La FIFA prohíbe la exhibición de mensajes políticos, ideológicos o religiosos durante las competencias organizadas por el organismo. El Código Disciplinario contempla sanciones para jugadores, federaciones y asociaciones cuando se producen manifestaciones que vulneren esos principios. En este tipo de casos, el organismo suele abrir un expediente para evaluar el contexto antes de definir una eventual sanción.

Las consecuencias pueden ir desde una advertencia hasta multas económicas para la Asociación del Fútbol Argentino (AFA) o para los futbolistas involucrados. Una suspensión deportiva aparece, en principio, como una posibilidad menos probable y generalmente queda reservada para casos considerados especialmente graves o reiterados.
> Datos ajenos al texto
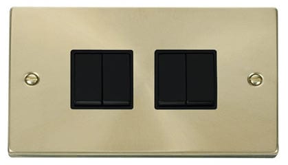 Satin Brass 10A 4 Gang 2 Way Light Switch - Black Trim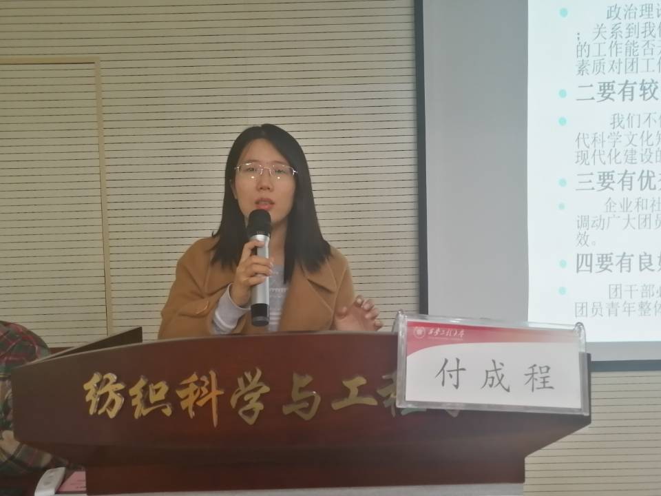 接着,孟雪从自己本科到研究生期间的思想、学习、生活和工作各方面和大家做了分享。她分享了自己做团员干部的经历收获和如何处理好学习和工作的关系。付成程希望全体团员干部向孟雪同学学习,不断提升自己,成为一名优秀的团员干部。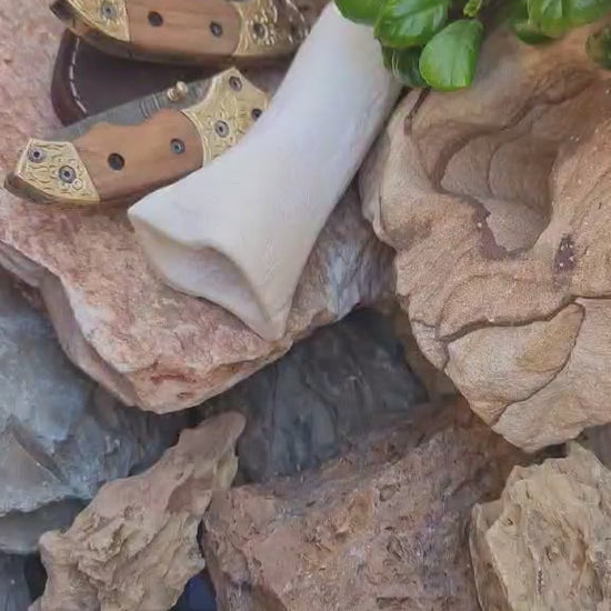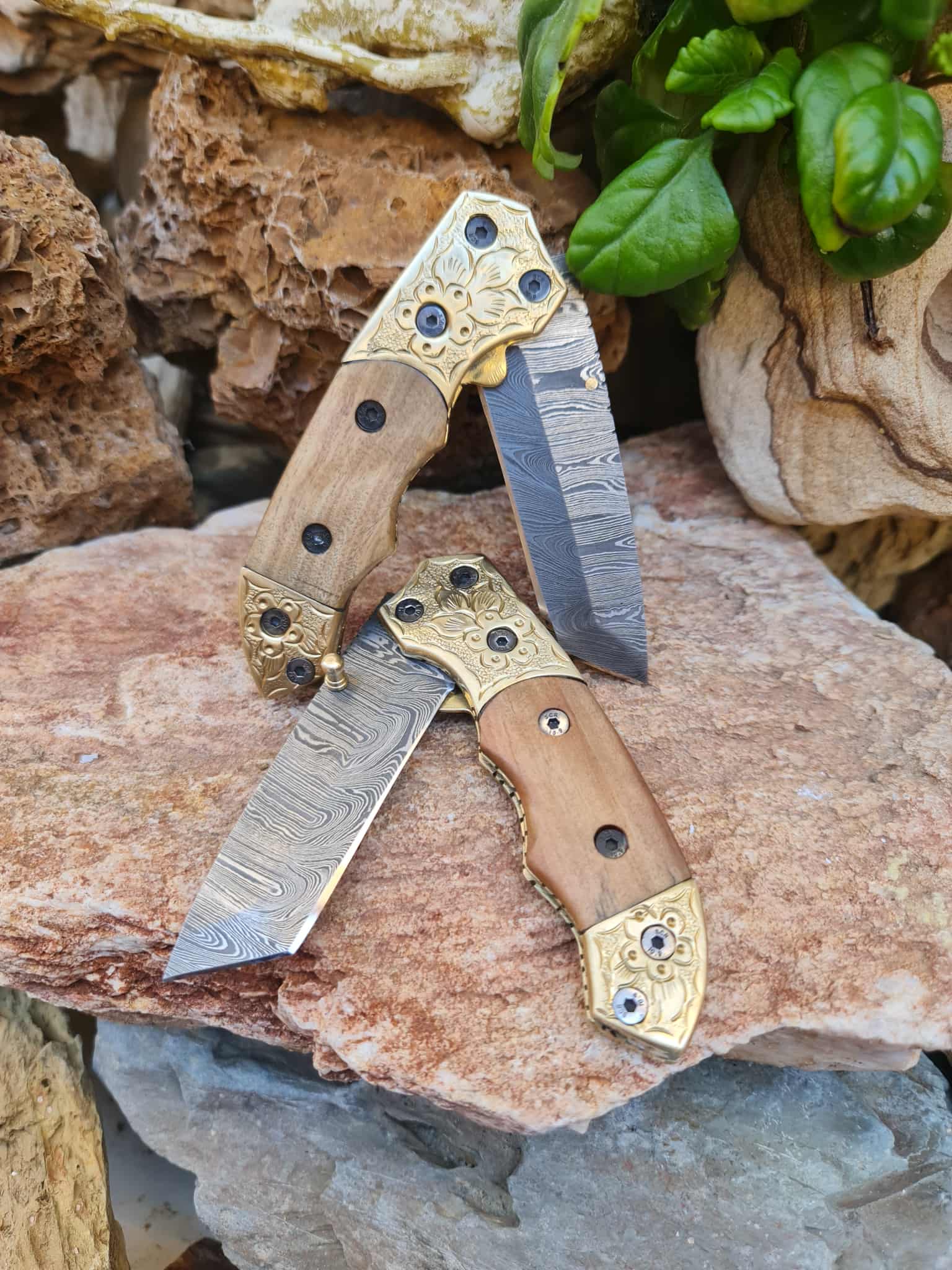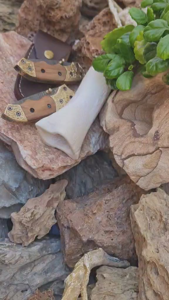 Handmade Limited Edition with Serial Number 19cm Knife with Damascus Steel - Olive wood & Hand Engraved Brass (Exclusive Knife with Serial Number)

La bandera, en las manos d elos jugadores tras el triunfo (EFE/EPA/WILL OLIVER)

Fuera de lo deportivo, Milei insistió en que la cuestión de la soberanía debe mantenerse separada del resultado deportivo y reiteró que la recuperación de las Islas "se logrará en el plano diplomático con inteligencia".
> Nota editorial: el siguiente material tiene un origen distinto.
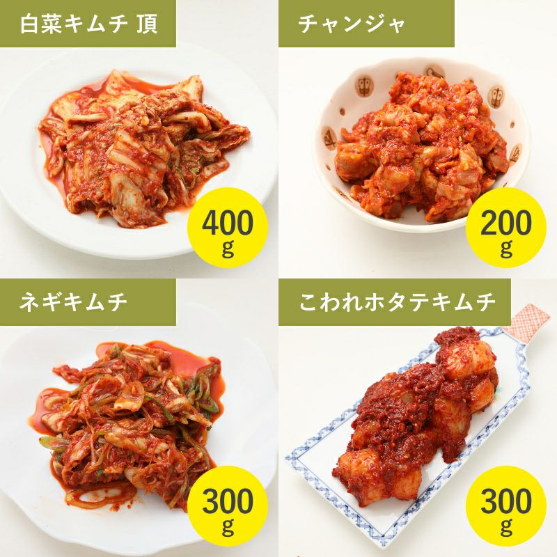まずはこのセット! 白菜キムチ頂、ホタテキムチ、チャンジャ、ねぎキムチの人気4品のお買い得セット初めての方向けセット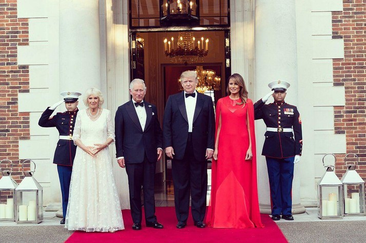 Так, на прием в честь принца Уэльского и герцогини Корнуольской Мелания Трамп пришла в эффектном алом наряде. Комбинированное шифоновое платье-кейп от Givenchy обошлось супруге Дональда Трампа в 8 340 долларов.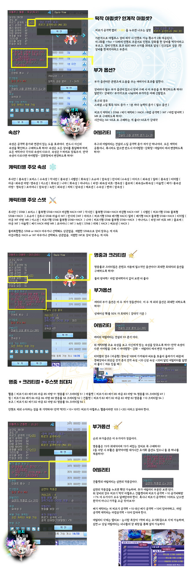 이 글은 버닝or 만렙 이후 장비를 어떻게 맞춰야 하는지 궁금한 분들을 위해 작성한 글입니다.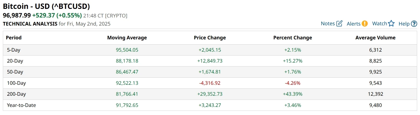 当前价格(市场价): 约 96, 800 美元(位于两条均线上方)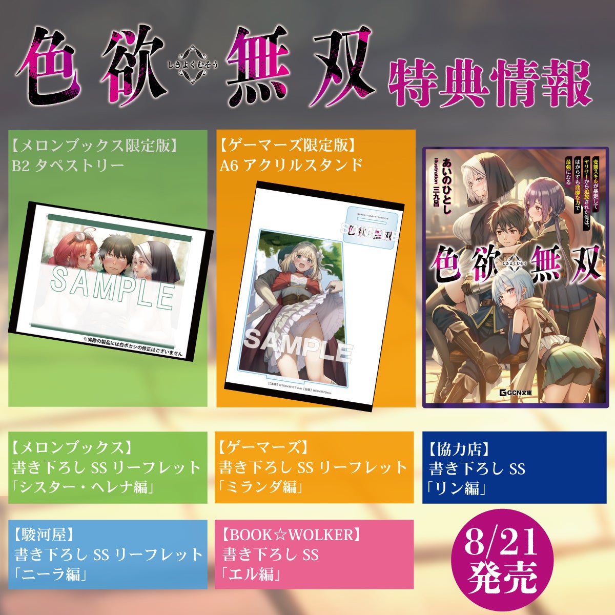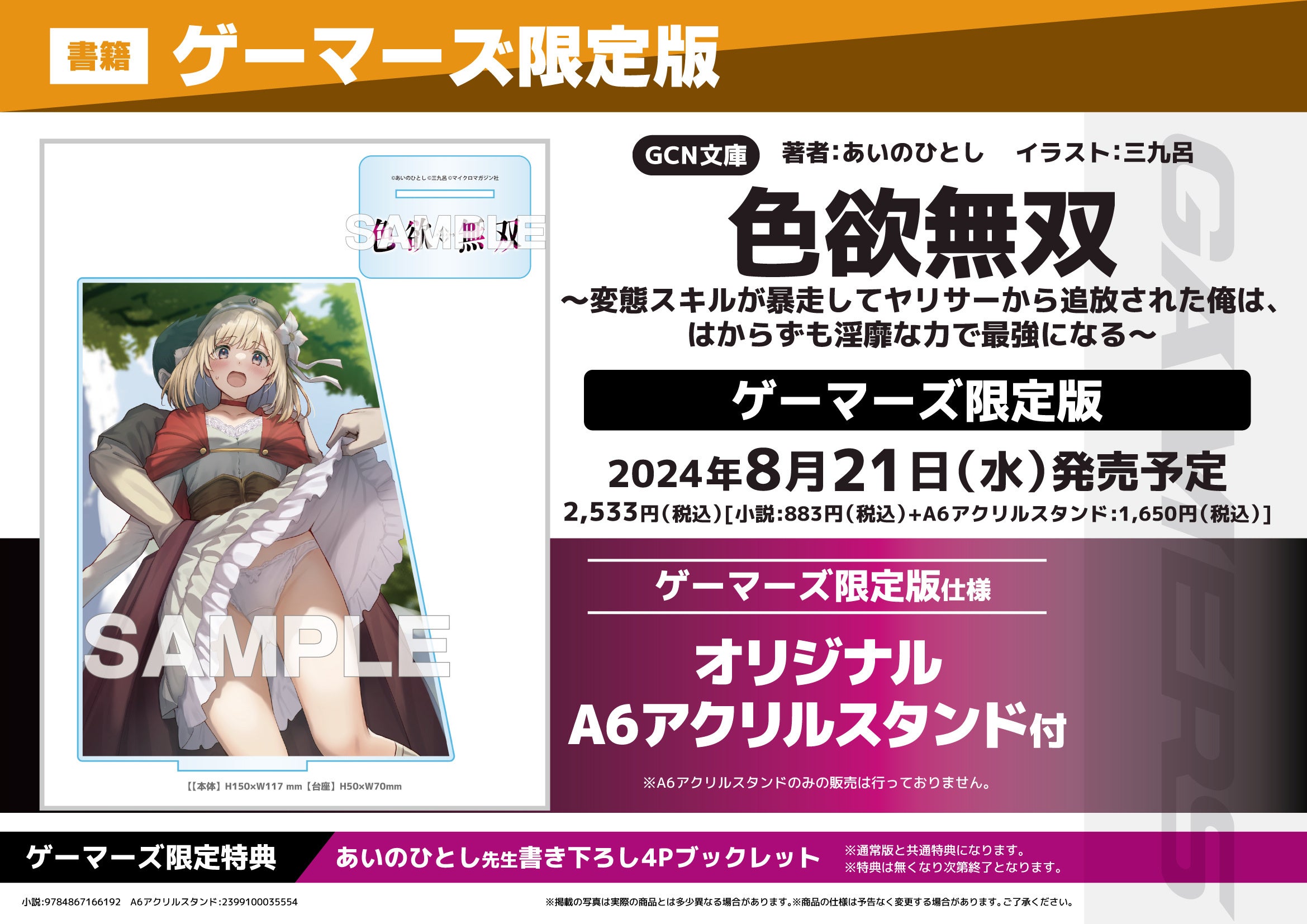 マイクロマガジン社(東京都中央区)は、GCN文庫『色欲無双~変態スキルが暴走してヤリサーから追放された俺は、はからずも淫靡な力で最強になる~』(著:あいのひとし/イラスト:三九呂)を8月21日に発売いたします。

En ese sentido, destacó los "avances enormes en la temática en el último tiempo, con el accionar de (el ex canciller Gerardo) Werthein y (el ministro Pablo) Quirno, los acercamientos a Estados Unidos, que han permitido que la ONU obligara a Inglaterra a negociar con nosotros".
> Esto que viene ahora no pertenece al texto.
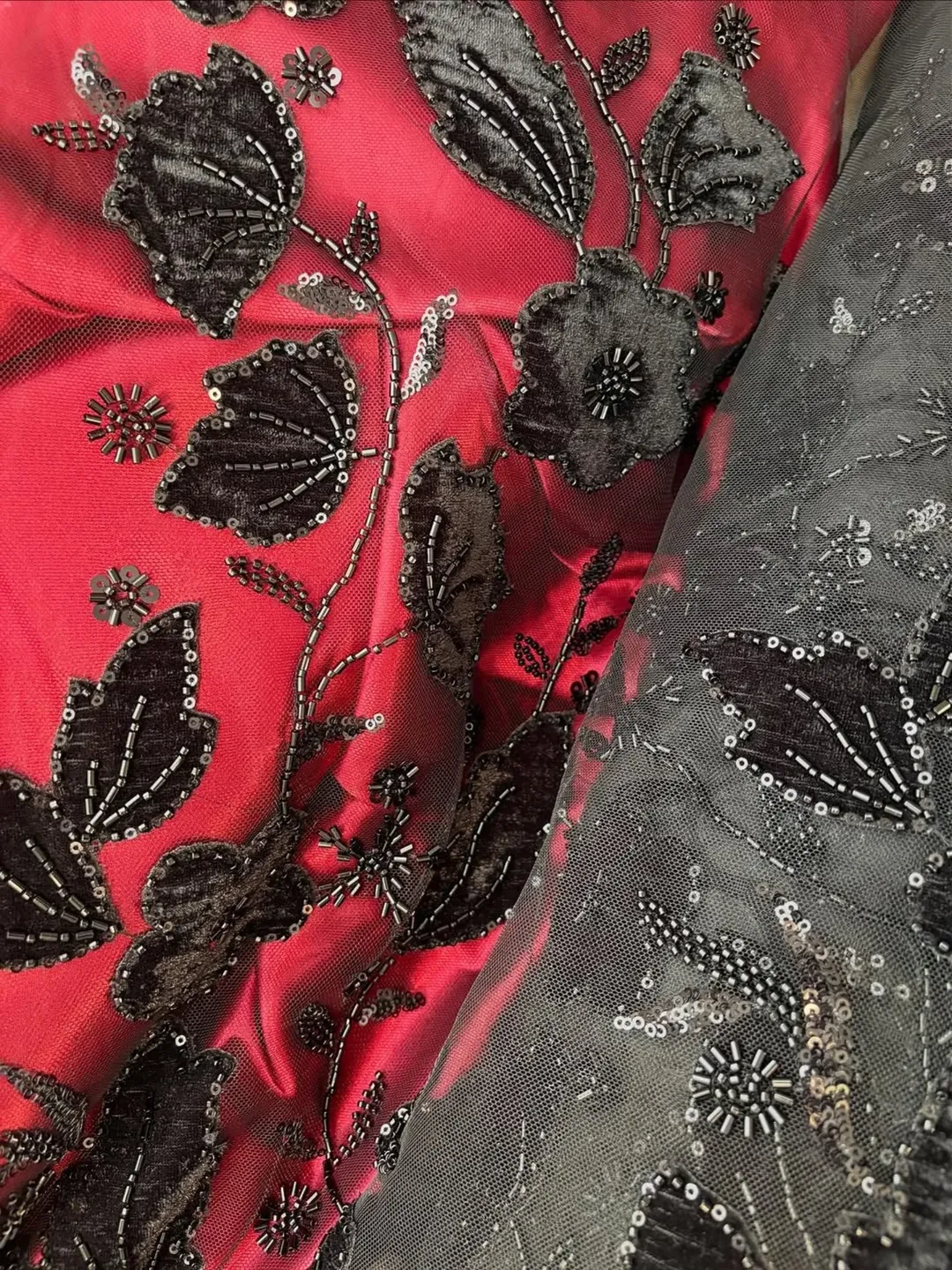 تور مخمل کارشده مشکی عرض ۱۴۵ متری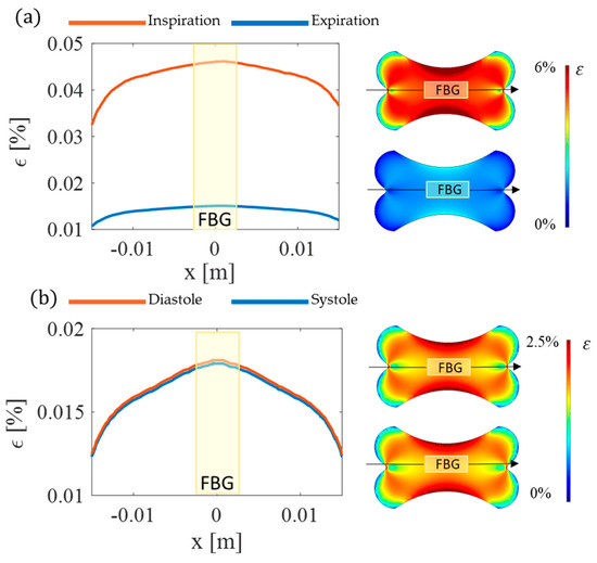 Summary of computational studies highlighting (a) the effects of breathing (blue line refers to inspiration and orange line to expiration) and (b) the effects of heart beating (blue line refers to systole and orange line to diastole) on the optical fiber and the FBG sensor.

El Presidente también volvió a elogiar el desempeño de la Selección Argentina y destacó que el equipo "nunca se da por vencido". Y, consideró que el conjunto dirigido por Lionel Scaloni representa el espíritu de un país que "no se rinde" y expresó su reconocimiento al plantel por haber alcanzado una nueva final mundialista.

"El futbol es una fiesta popular, una pasión que compartimos todos los argentinos, y cualquier evento que le traiga una alegría es bienvenido. Creer que de eso se puede hacer una política de Estado es un error garrafal", sostuvo en una entrevista con El Observador.

Las autoridades de la FIFA habían informado que no se permitiría el ingreso al estadio de banderas, camisetas o carteles con referencias a las Islas Malvinas ni a la guerra que se libró en 1982. La decisión había sido tomada en una reunión entre la FIFA, las autoridades estadounidenses y los organismos de seguridad involucrados en el encuentro, catalogado como de máximo riesgo.

La protesta desde Londres

A través del secretario de Negocios de Reino Unido, Peter Kyle, el gobierno británico instó el jueves a la FIFA a investigar a la Selección Argentina.

Kyle, manifestó que el comportamiento de los jugadores fue “totalmente inapropiado". "Espero que la FIFA lleve a cabo su investigación a fondo”, agregó.

Peter Kyle, funcionario del gobierno británico, horas antes de la derrota inglesa en el Mundial (REUTERS/Isabel Infantes)

"Puede que la Copa del Mundo no sea nuestra, pero las islas Falklands sin duda lo son", declaró la portavoz oficial del primer ministro Keir Starmer, según puntualizó la BBC.

A través de la portavoz, el gobierno británico afirmó que cualquier posible medida contra los jugadores argentinos por desplegar la bandera en apoyo a las reivindicaciones por la soberanía del territorio es "asunto de la FIFA", pero respaldó la opinión de Kyle, de que el organismo debería investigar lo sucedido.

Por su parte, Nile Gardiner, exasesor de Margaret Thatcher, le reclamó al Gobierno británico que sancione a los futbolistas argentinos que compiten en la Premier y sostuvieron la bandera.

Apuntó principalmente a Lisandro Martínez y Cuti Romero. "Todo jugador argentino en la Premier League inglesa que participó en esta fea exhibición anti-británica debería ser despojado de su visa de trabajo del Reino Unido. Debería haber tolerancia cero para esto", sostuvo Gardiner en X. También pidió que la FIFA expulse a la Argentina por activismo político.